Question Details

A projectile is fired with velocity u making angle θ with the horizontal. What is the change in velocity when it is at the highest point

Options

A

u cosθ

B

u

C

u sinθ

D

(u cosθ-u)

Correct Answer :

u sinθ

Solution :

To find the change in velocity of the projectile when it reaches its highest point, we analyze the velocity components at the point of projection and at the highest point.

Let the horizontal direction be the positive x-axis and the vertical direction be the positive y-axis.

At the point of projection, the projectile is fired with an initial velocity u at an angle θ with the horizontal. The initial velocity vector vi can be written in terms of its horizontal and vertical components:
vi=(ucosθ)i^+(usinθ)j^

During projectile motion, there is no acceleration in the horizontal direction (neglecting air resistance).

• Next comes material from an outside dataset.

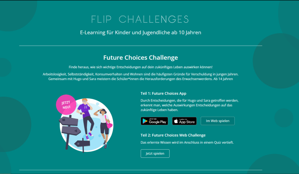 Die FLiP Chal­lenges bieten eine der Zeit ent­spre­chen­de inno­va­ti­ve Bildung – spie­le­risch und digital. In einem vir­tu­el­len Klas­sen­zim­mer können Pädagog*innen die Finanz­kom­pe­tenz ihrer Schul­klas­se ermitteln und die Per­for­mance der Schüler*innen verfolgen. Die Financial Life Challenge besteht aus vier Modulen, die sich an den Wis­sens­sta­tio­nen des FLiP ori­en­tie­ren. Die Inhalte einer FLiP Tour können mit dieser Challenge in rund einer Stunde online erlebt werden. Die Invest­ment Challenge bietet gami­fi­zier­tes Lernen zum Thema Vorsorge am Kapi­tal­markt. Aufgrund der aktuellen Zins- und Infla­ti­ons­la­ge ist das Sparen am Kapi­tal­markt eine sinnvolle Alter­na­ti­ve zum klas­si­schen Sparbuch. Wie man mit Krea­ti­vi­tät und Ein­füh­lungs­ver­mö­gen die Welt ein Stück besser machen kann, lernen Kinder und Jugend­li­che mit der FLiP Entre­pre­neur­ship Challenge. Anhand der Inno­va­ti­ons­me­tho­de „Design Thinking“ sammeln die Spieler*innen Erfah­run­gen im unter­neh­me­ri­schen Denken. In der Future Choices Challenge begleiten die Spieler*innen die Cha­rak­te­re Hugo und Sara auf ihrem Weg ins Erwach­se­nen­le­ben, treffen für sie Ent­schei­dun­gen und lernen, wie sehr sich diese auf das ganze Leben auswirken können.

Therefore, the horizontal component of the velocity remains constant throughout the motion:
vx=ucosθ

At the highest point of the trajectory, the vertical component of the velocity becomes zero:
vy=0

Thus, the velocity vector at the highest point vf is:
vf=(ucosθ)i^+0j^=(ucosθ)i^

The change in velocity vector Δv is the difference between the final velocity and the initial velocity:
Δv=vf-vi
Δv=[(ucosθ)i^]-[(ucosθ)i^+(usinθ)j^]
Δv=-(usinθ)j^

The magnitude of this change in velocity is:
|Δv|=usinθ

Therefore, the magnitude of the change in velocity when the projectile is at the highest point is u sinθ.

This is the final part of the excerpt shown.